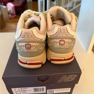 Dynamic New Balance shoes with a red and white design. Perfect for active wear.
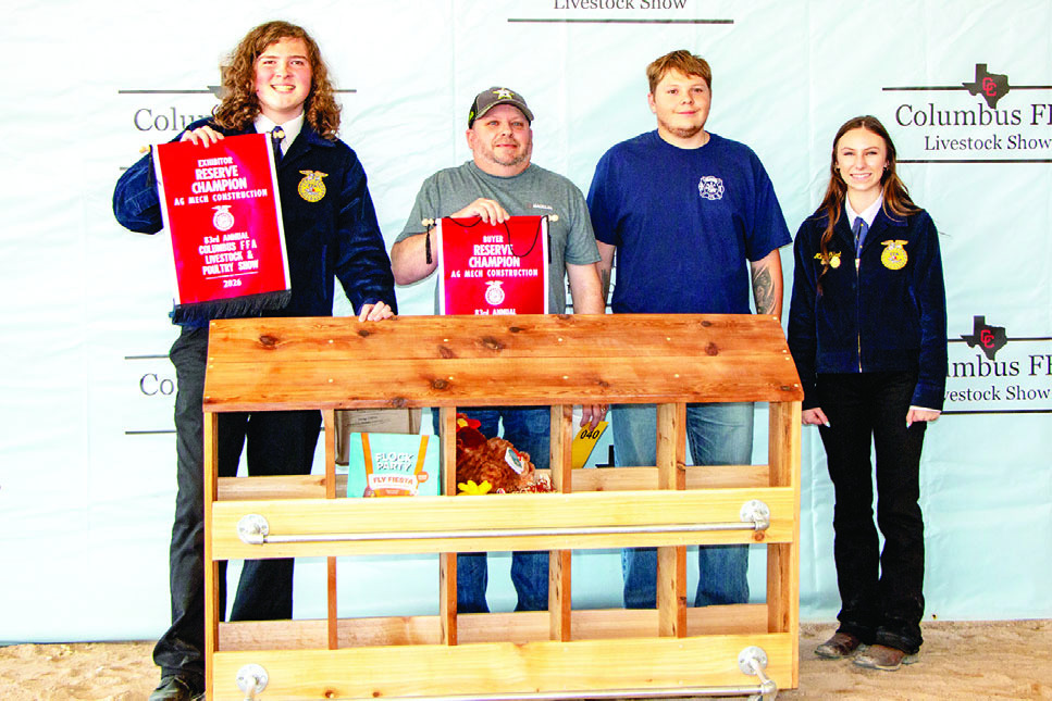 AG MECHANICS CONSTRUCTION Joshua Newman, left, exhibited the Reserve Champion Ag Mechanics Construction, purchased for $1,400 by Roy Rogers. On hand for the recognition were, beginning second from left, buyers Roy and Justin Rogers and Miss FFA Micah Ehlert.
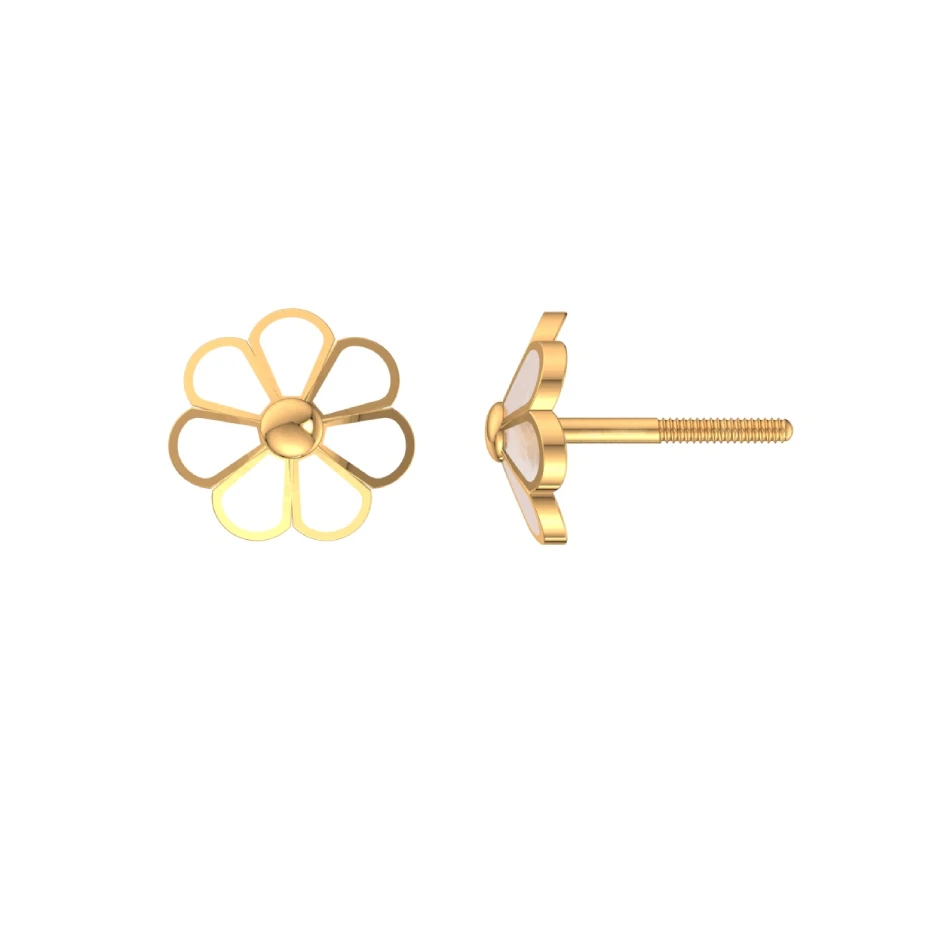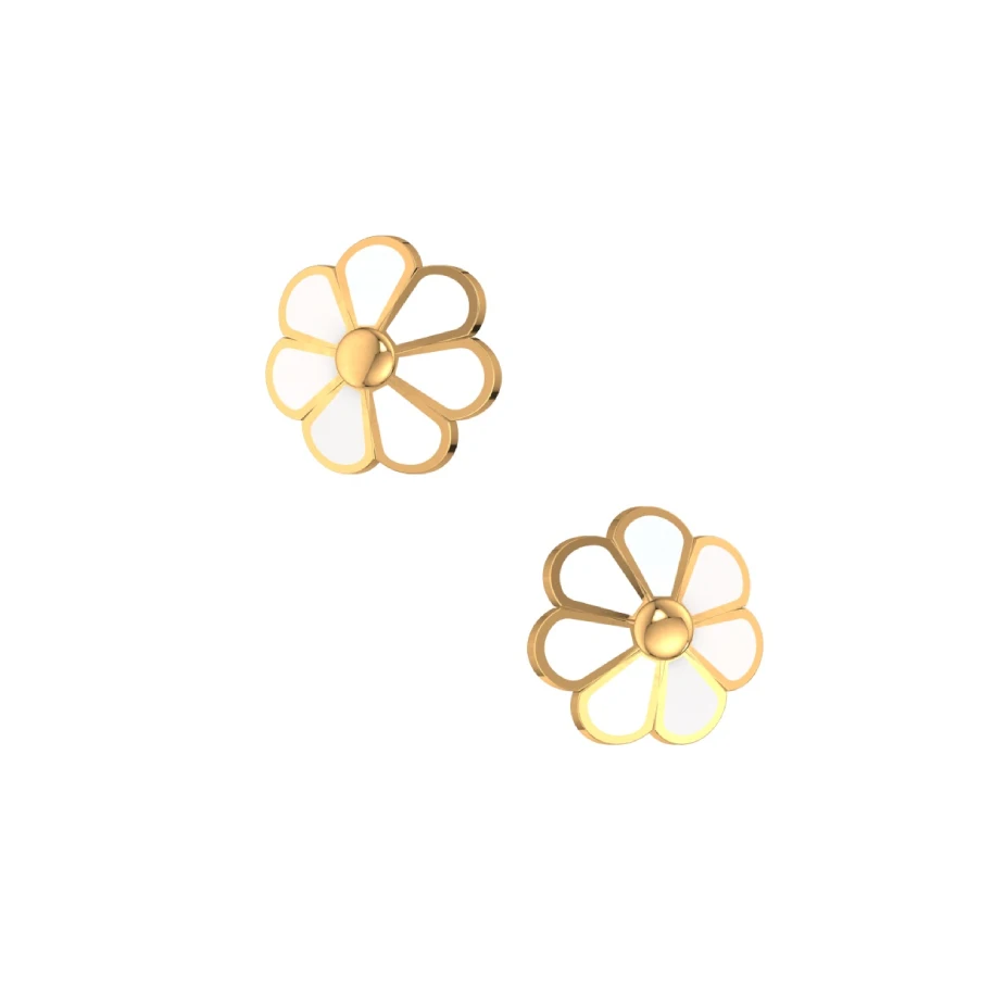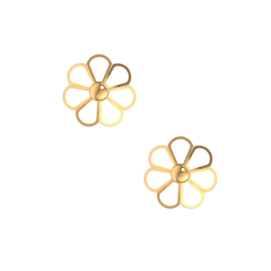 Sunlit Poise is a floral symphony in 18K gold. Inspired by the effortless beauty of sunlit blossoms, these dainty studs feature petal-like loops gently encircling a polished dome, evoking the feeling of golden hour serenity.
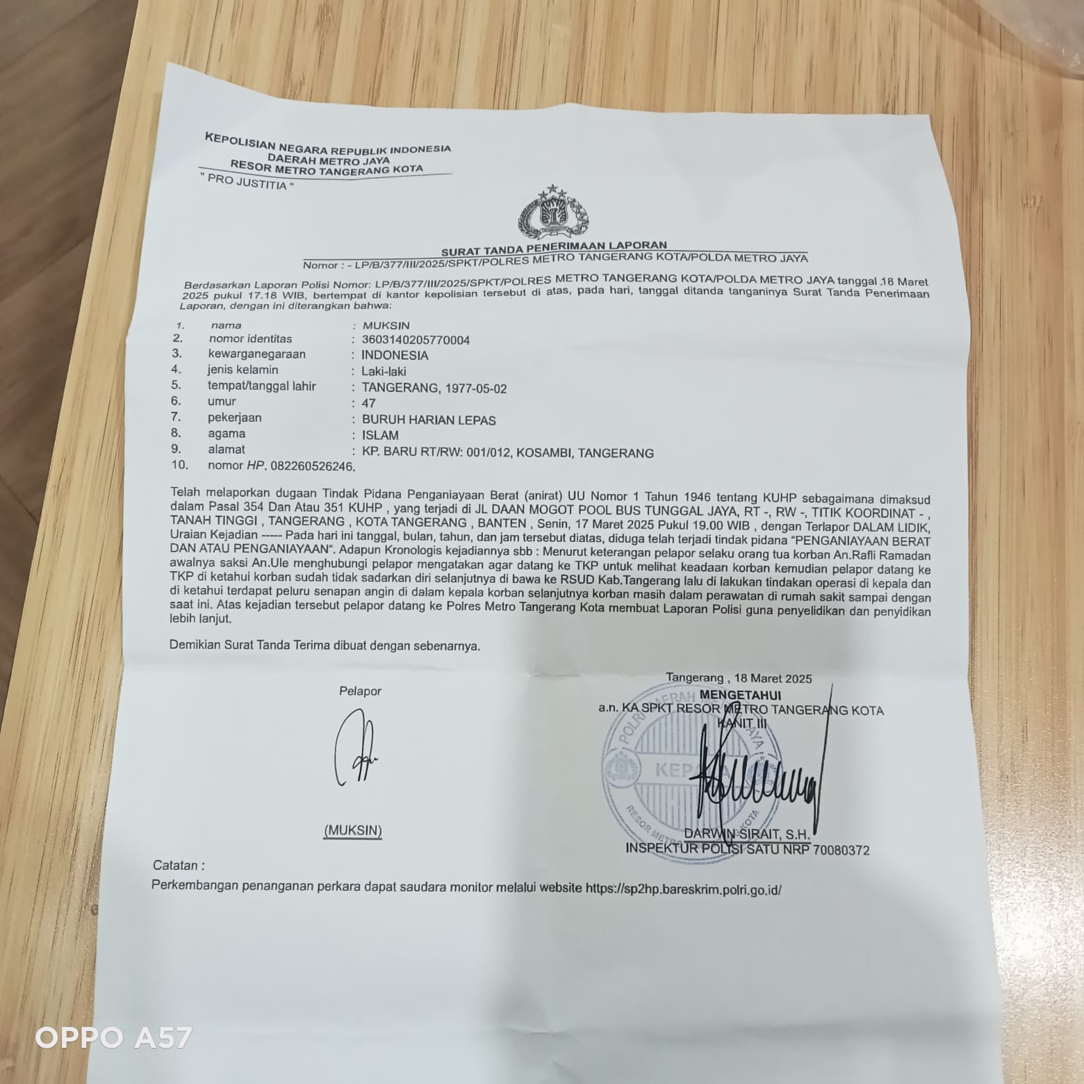 Laporan resmi akhirnya diterbitkan dengan Nomor: LP/B/377/III/2025/SPKT/Polres Metro Tangerang Kota/Polda Metro Jaya. Saat dikonfirmasi melalui pesan WhatsApp, Kanit Reskrim Polsek Tangerang Kota, Ronald, membenarkan bahwa kasus ini telah dilimpahkan ke Polres Metro Tangerang Kota.

- WORK INSTRUCTION
Please retype the whole listing above word for word and drop the pictures.

- SOLUTION FOR THIS PROBLEM
 Dynamic New Balance shoes with a red and white design. Perfect for active wear.
 AG MECHANICS CONSTRUCTION Joshua Newman, left, exhibited the Reserve Champion Ag Mechanics Construction, purchased for $1,400 by Roy Rogers. On hand for the recognition were, beginning second from left, buyers Roy and Justin Rogers and Miss FFA Micah Ehlert.
 Sunlit Poise is a floral symphony in 18K gold. Inspired by the effortless beauty of sunlit blossoms, these dainty studs feature petal-like loops gently encircling a polished dome, evoking the feeling of golden hour serenity.
 Laporan resmi akhirnya diterbitkan dengan Nomor: LP/B/377/III/2025/SPKT/Polres Metro Tangerang Kota/Polda Metro Jaya. Saat dikonfirmasi melalui pesan WhatsApp, Kanit Reskrim Polsek Tangerang Kota, Ronald, membenarkan bahwa kasus ini telah dilimpahkan ke Polres Metro Tangerang Kota.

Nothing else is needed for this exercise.